Data for the task:
══════════

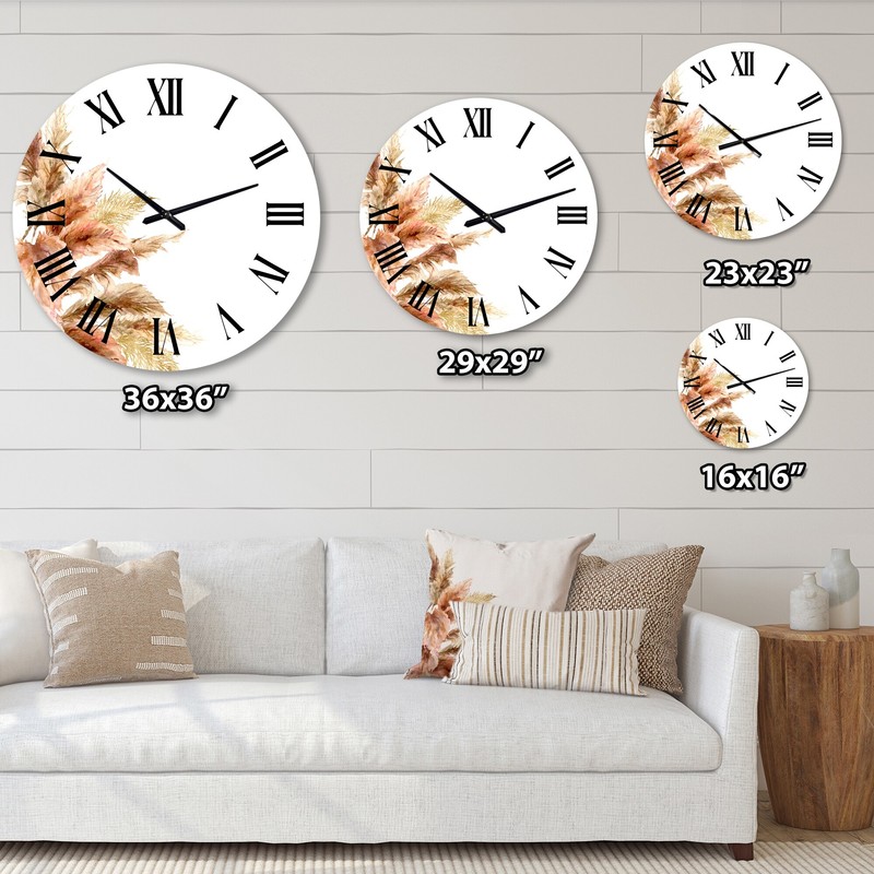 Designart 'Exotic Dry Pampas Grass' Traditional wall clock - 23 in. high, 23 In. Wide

══════════

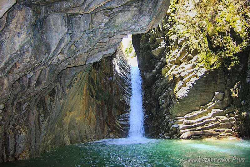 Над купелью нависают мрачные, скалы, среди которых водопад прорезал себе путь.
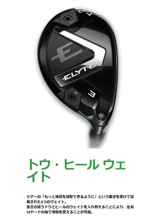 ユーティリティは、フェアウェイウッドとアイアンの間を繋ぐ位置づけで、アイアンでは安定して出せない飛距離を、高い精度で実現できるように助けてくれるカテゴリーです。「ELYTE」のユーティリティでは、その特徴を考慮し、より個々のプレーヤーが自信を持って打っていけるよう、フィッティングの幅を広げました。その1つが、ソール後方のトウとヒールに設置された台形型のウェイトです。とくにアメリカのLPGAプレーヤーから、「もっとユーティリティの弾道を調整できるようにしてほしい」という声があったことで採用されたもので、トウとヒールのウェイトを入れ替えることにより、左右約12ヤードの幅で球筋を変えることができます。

══════════

Work task: What you write must match the listing exactly, from the line with "Над купелью нависают" up to and including the line with "ユーティリティは、フェアウェ". Pictures stay out.

Task answer:
 Над купелью нависают мрачные, скалы, среди которых водопад прорезал себе путь.
 ユーティリティは、フェアウェイウッドとアイアンの間を繋ぐ位置づけで、アイアンでは安定して出せない飛距離を、高い精度で実現できるように助けてくれるカテゴリーです。「ELYTE」のユーティリティでは、その特徴を考慮し、より個々のプレーヤーが自信を持って打っていけるよう、フィッティングの幅を広げました。その1つが、ソール後方のトウとヒールに設置された台形型のウェイトです。とくにアメリカのLPGAプレーヤーから、「もっとユーティリティの弾道を調整できるようにしてほしい」という声があったことで採用されたもので、トウとヒールのウェイトを入れ替えることにより、左右約12ヤードの幅で球筋を変えることができます。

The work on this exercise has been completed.